- **Source material**:

..............................

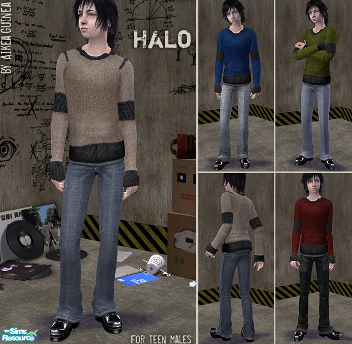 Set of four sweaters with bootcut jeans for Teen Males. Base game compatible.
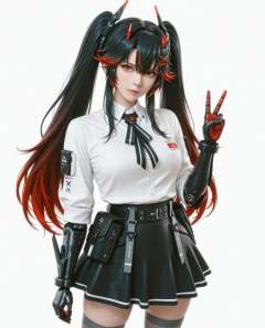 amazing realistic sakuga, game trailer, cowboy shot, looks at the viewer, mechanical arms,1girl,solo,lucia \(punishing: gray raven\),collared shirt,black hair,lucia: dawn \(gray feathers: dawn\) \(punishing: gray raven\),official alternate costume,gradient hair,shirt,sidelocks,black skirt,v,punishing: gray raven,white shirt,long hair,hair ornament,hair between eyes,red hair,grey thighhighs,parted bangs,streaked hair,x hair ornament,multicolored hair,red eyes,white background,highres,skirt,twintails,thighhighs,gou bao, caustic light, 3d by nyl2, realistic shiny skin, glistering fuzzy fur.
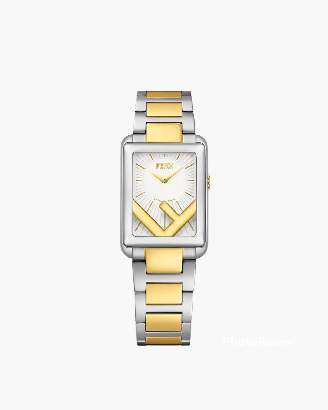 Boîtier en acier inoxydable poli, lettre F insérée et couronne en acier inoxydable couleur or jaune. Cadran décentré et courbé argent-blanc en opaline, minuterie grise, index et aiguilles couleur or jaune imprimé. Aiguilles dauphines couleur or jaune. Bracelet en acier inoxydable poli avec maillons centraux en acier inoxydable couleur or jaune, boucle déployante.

..............................

- **Task to complete**:
Write out the data above exactly, minus any images.

- **Answer box**:
 Set of four sweaters with bootcut jeans for Teen Males. Base game compatible.
 amazing realistic sakuga, game trailer, cowboy shot, looks at the viewer, mechanical arms,1girl,solo,lucia \(punishing: gray raven\),collared shirt,black hair,lucia: dawn \(gray feathers: dawn\) \(punishing: gray raven\),official alternate costume,gradient hair,shirt,sidelocks,black skirt,v,punishing: gray raven,white shirt,long hair,hair ornament,hair between eyes,red hair,grey thighhighs,parted bangs,streaked hair,x hair ornament,multicolored hair,red eyes,white background,highres,skirt,twintails,thighhighs,gou bao, caustic light, 3d by nyl2, realistic shiny skin, glistering fuzzy fur.
 Boîtier en acier inoxydable poli, lettre F insérée et couronne en acier inoxydable couleur or jaune. Cadran décentré et courbé argent-blanc en opaline, minuterie grise, index et aiguilles couleur or jaune imprimé. Aiguilles dauphines couleur or jaune. Bracelet en acier inoxydable poli avec maillons centraux en acier inoxydable couleur or jaune, boucle déployante.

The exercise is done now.